You can test the successful creation of the topic with the following:
kafka-topics --zookeeper ZKHOST:ZKPORT --list
Log into the gateway node and execute the following steps:
solrctl instancedir --generate taxi-trip-collection
cp schema.xml taxi-trip-collection/conf/
solrctl instancedir --create taxi-trip-collection taxi-trip-collection
solrctl collection --create taxi-trip-collection -s 3 -r 2 -m 3
Execute the following DDL scripts to create the required Kudu objects.
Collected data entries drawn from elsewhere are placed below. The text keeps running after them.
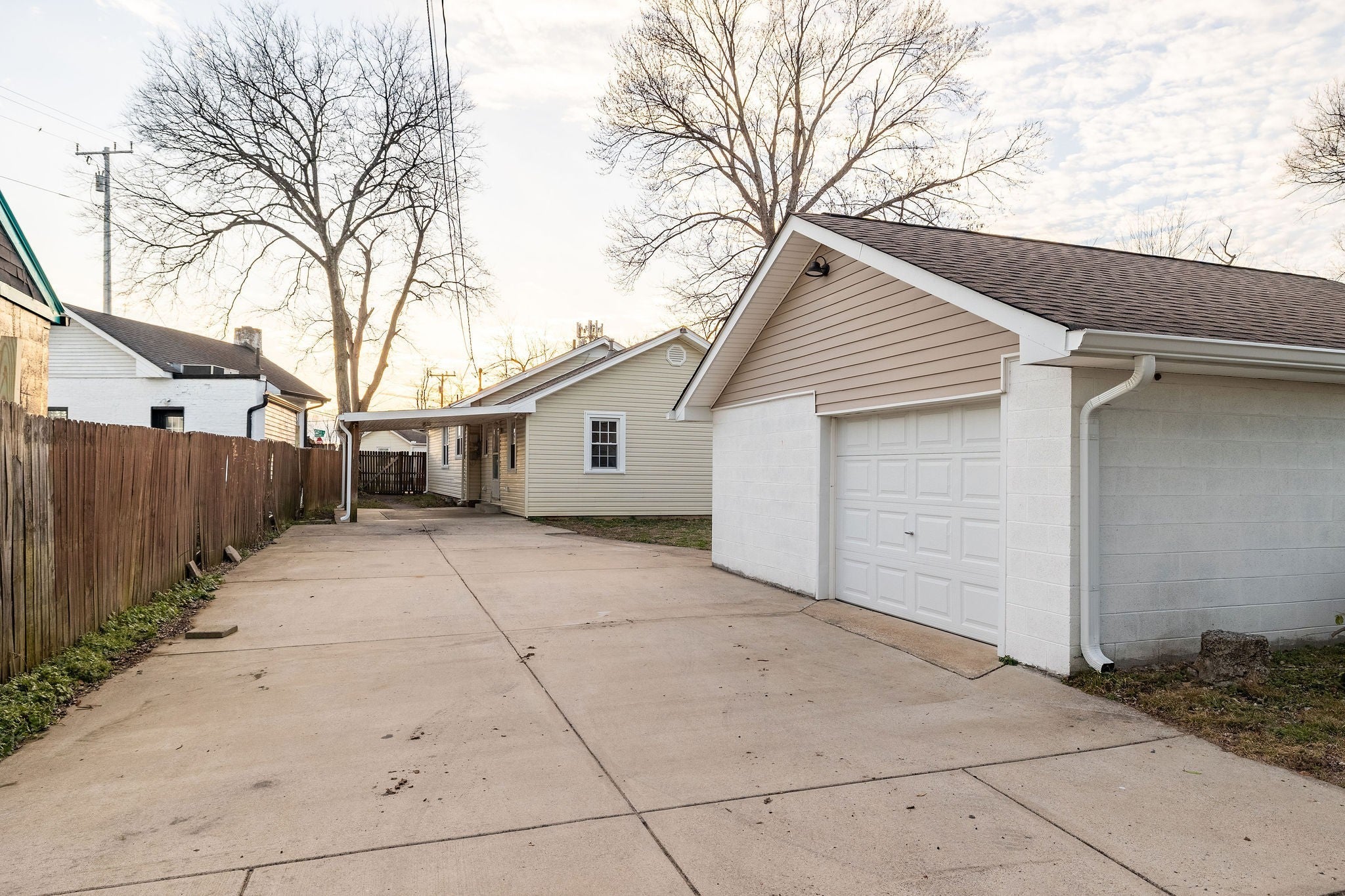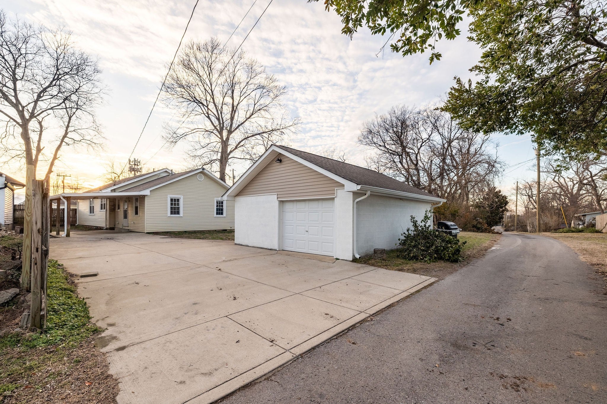 - Detached, Alley Access, Concrete, Driveway, Parking Pad, Paved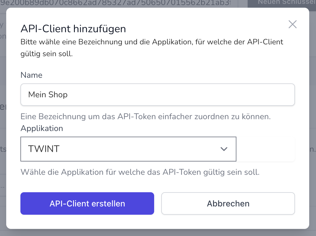 Auf derselben Seite unter „Api-Clients > Api-Client hinzufügen“ kannst du einen neuen API-Client mit Client ID und Client Secret generieren. Gib einen beliebigen Namen ein (z.B. den Namen deines Shops) und wähle im Auswahlfeld „TWINT“.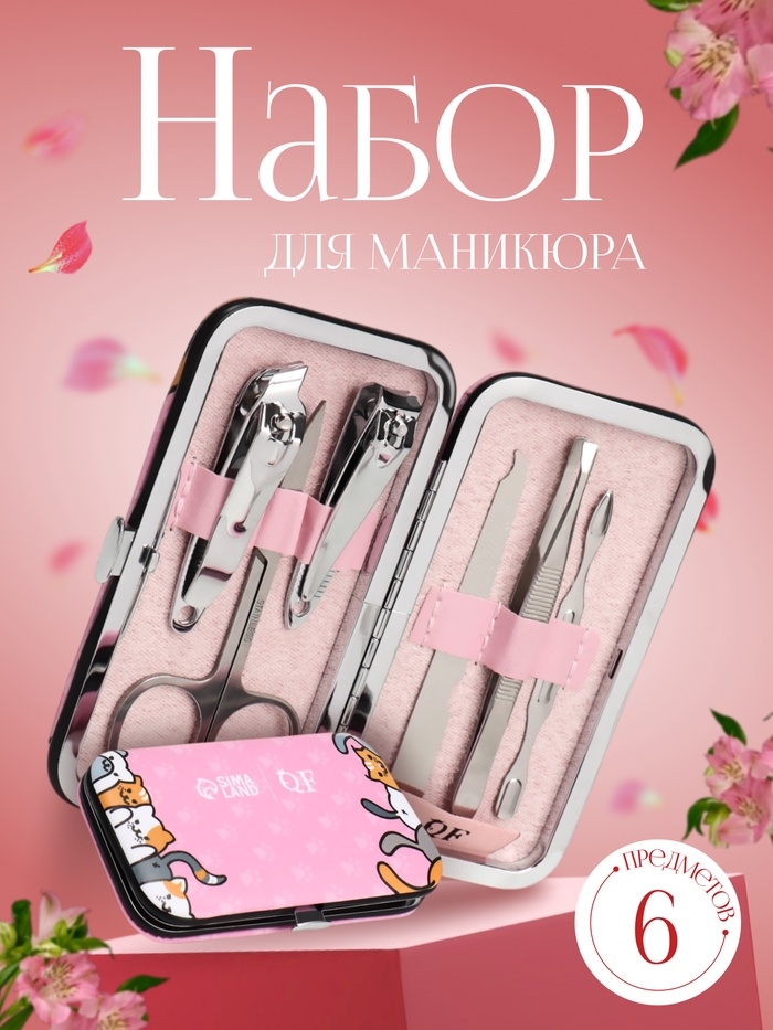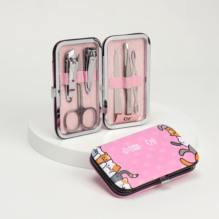 Набор маникюрный «Кошечки», 6 предметов, в футляре, рисунок и цвет МИКС

These can be executed via the HUE Impala Query interface:
- kudu/taxi360/create_ny_taxi_trip_table.impala.sql
- kudu/taxi360/create_ny_taxi_entity_table.impala.sql
Make sure to replace "<ReplaceMeWithKuduMasterHost>" with the hostname for the Kudu master in each script.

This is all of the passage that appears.